New Online Tool Helps Students Manage Loan Debt
The Financial Awareness Counseling Tool pledges a ‘new transparency’
Monday, July 16, 2012
How much will your degree cost? Here’s one way to get a good idea.
The U.S. Department of Education has released a new interactive loan counseling tool to provide students with financial management basics, like information about their current loan debt and estimates for student loan debt levels after graduation.
Students can access the new resource, known as the Financial Awareness Counseling Tool here.
“Managing student loan debt can be a difficult and confusing process for many borrowers. That's why the Obama Administration has been working to unravel the mystery of college financing and arm students and parents with the information they need to make smart educational choices," said U.S. Secretary of Education Arne Duncan.

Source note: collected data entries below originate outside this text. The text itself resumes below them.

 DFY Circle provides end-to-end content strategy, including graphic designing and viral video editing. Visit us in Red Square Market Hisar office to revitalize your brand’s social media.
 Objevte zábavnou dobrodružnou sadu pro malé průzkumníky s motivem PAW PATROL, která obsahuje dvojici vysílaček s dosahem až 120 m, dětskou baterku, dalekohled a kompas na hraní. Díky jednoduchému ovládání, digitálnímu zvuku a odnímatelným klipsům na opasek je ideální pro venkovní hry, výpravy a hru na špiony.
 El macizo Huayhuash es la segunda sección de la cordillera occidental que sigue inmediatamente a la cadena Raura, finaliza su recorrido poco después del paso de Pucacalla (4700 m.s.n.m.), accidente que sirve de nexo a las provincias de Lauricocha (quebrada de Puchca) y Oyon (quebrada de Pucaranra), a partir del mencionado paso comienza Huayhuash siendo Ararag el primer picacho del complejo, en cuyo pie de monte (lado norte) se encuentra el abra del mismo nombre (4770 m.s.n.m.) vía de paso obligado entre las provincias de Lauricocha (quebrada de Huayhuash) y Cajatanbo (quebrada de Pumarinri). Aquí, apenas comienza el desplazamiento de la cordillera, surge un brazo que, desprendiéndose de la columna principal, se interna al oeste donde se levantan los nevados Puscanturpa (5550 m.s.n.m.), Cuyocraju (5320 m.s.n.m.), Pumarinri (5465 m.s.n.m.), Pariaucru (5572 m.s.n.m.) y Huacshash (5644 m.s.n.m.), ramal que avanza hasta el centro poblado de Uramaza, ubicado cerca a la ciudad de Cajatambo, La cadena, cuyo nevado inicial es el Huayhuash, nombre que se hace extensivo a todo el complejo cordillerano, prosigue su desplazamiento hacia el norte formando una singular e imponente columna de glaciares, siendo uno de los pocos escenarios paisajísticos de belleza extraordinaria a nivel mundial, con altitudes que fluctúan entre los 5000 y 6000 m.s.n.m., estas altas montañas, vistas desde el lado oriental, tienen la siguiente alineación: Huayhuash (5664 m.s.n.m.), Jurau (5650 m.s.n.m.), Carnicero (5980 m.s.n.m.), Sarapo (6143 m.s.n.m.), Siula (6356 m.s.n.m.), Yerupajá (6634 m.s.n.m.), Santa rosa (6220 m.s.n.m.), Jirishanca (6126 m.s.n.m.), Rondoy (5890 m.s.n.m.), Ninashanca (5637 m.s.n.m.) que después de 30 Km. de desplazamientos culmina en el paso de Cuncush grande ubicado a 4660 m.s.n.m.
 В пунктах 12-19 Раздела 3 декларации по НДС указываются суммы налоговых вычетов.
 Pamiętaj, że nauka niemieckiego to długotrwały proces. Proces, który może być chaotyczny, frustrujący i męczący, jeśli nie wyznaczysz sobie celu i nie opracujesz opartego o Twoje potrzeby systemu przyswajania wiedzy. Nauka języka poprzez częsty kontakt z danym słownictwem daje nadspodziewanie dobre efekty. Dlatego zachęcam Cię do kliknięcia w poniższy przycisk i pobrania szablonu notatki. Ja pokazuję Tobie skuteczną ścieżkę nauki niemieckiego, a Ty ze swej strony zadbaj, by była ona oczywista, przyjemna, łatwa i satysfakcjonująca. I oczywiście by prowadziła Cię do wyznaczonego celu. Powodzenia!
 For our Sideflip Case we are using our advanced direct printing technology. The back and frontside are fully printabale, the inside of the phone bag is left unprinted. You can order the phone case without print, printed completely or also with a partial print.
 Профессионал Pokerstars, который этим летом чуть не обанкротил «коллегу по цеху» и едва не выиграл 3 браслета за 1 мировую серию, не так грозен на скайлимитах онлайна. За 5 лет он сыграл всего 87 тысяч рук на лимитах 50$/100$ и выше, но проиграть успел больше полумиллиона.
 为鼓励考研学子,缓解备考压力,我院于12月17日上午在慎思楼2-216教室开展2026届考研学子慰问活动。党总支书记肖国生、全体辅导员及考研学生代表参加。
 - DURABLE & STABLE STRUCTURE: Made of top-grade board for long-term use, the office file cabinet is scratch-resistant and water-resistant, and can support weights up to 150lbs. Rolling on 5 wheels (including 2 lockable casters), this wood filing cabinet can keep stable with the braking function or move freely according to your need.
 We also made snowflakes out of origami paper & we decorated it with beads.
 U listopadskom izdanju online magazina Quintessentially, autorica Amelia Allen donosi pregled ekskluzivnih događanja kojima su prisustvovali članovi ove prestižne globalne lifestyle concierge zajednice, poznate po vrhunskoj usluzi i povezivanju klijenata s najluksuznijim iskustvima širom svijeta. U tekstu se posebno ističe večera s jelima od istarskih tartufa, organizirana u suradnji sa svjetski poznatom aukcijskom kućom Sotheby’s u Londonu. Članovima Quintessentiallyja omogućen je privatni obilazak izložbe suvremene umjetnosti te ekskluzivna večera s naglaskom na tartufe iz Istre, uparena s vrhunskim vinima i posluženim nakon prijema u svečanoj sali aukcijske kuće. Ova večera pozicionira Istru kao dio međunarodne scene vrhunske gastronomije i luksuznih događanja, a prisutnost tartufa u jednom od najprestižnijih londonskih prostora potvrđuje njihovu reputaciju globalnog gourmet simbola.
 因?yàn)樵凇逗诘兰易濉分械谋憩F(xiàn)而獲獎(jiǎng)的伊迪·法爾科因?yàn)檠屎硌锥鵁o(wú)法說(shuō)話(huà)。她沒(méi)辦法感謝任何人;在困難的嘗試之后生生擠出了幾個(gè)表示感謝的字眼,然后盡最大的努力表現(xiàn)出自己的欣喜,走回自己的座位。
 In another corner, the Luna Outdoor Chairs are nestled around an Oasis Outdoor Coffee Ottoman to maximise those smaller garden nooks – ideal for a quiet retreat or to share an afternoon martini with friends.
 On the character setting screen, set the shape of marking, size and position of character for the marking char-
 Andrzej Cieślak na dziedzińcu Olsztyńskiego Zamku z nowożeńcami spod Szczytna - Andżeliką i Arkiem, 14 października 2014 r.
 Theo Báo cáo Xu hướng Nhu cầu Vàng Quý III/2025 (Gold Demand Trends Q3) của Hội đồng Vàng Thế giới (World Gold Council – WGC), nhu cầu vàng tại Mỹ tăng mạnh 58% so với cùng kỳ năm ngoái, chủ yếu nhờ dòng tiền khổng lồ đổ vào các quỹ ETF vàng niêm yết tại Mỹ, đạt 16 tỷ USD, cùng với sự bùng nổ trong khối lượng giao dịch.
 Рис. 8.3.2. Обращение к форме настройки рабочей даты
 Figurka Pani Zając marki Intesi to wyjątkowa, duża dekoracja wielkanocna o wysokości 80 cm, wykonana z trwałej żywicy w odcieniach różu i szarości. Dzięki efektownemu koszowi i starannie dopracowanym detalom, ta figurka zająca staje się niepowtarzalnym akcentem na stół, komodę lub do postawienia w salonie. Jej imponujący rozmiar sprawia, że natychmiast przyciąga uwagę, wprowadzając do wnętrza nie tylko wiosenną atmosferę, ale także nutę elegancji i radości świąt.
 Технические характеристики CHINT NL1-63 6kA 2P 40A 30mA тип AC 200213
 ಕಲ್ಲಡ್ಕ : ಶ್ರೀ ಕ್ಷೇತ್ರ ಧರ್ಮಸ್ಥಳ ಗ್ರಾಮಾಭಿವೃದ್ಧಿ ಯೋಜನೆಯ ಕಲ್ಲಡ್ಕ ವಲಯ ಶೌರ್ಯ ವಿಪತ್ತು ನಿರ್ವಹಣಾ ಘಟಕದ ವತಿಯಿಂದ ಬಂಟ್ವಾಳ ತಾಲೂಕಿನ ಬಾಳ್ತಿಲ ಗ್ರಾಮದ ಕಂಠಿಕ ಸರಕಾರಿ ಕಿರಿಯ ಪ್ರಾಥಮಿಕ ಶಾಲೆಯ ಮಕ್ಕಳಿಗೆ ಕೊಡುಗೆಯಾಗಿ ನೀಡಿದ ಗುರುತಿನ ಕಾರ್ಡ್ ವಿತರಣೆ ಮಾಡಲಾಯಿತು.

"Students need to know up front how much college will actually cost them instead of waiting to find out when the first student loan bill arrives. This new tool will help bring new transparency to the process of debt management on the front end and empower students to keep their school loan payments on track and on time after graduation.”
The Financial Awareness Counseling Tool provides students with five interactive tutorials covering topics ranging from managing a budget to avoiding default. Students are able to access their individual loan history and receive personalized feedback that can help them better understand their financial obligations.
In addition, college financial aid professionals can monitor a student’s progress in using the tool and provide assistance if necessary to help ensure they can utilize the information the site provides.
The announcement is part of what the Obama administration says is an effort “to make college costs more transparent for education consumers.” Recently, the Education Department published its annual college cost lists, which detail schools with the highest and lowest published sticker price, schools with the highest net price once grants and scholarships are factored in, and those schools where prices are rising the fastest.
In the coming weeks, the administration is set to release its model financial aid shopping sheet. The shopping sheet, which all institutions of higher education will be encouraged to adopt, will tell prospective students how much aid they will receive in grants and scholarships; how much they’ll need to borrow in student loans; the difference between private loans and federal student loans; and the average student loan payment after graduation.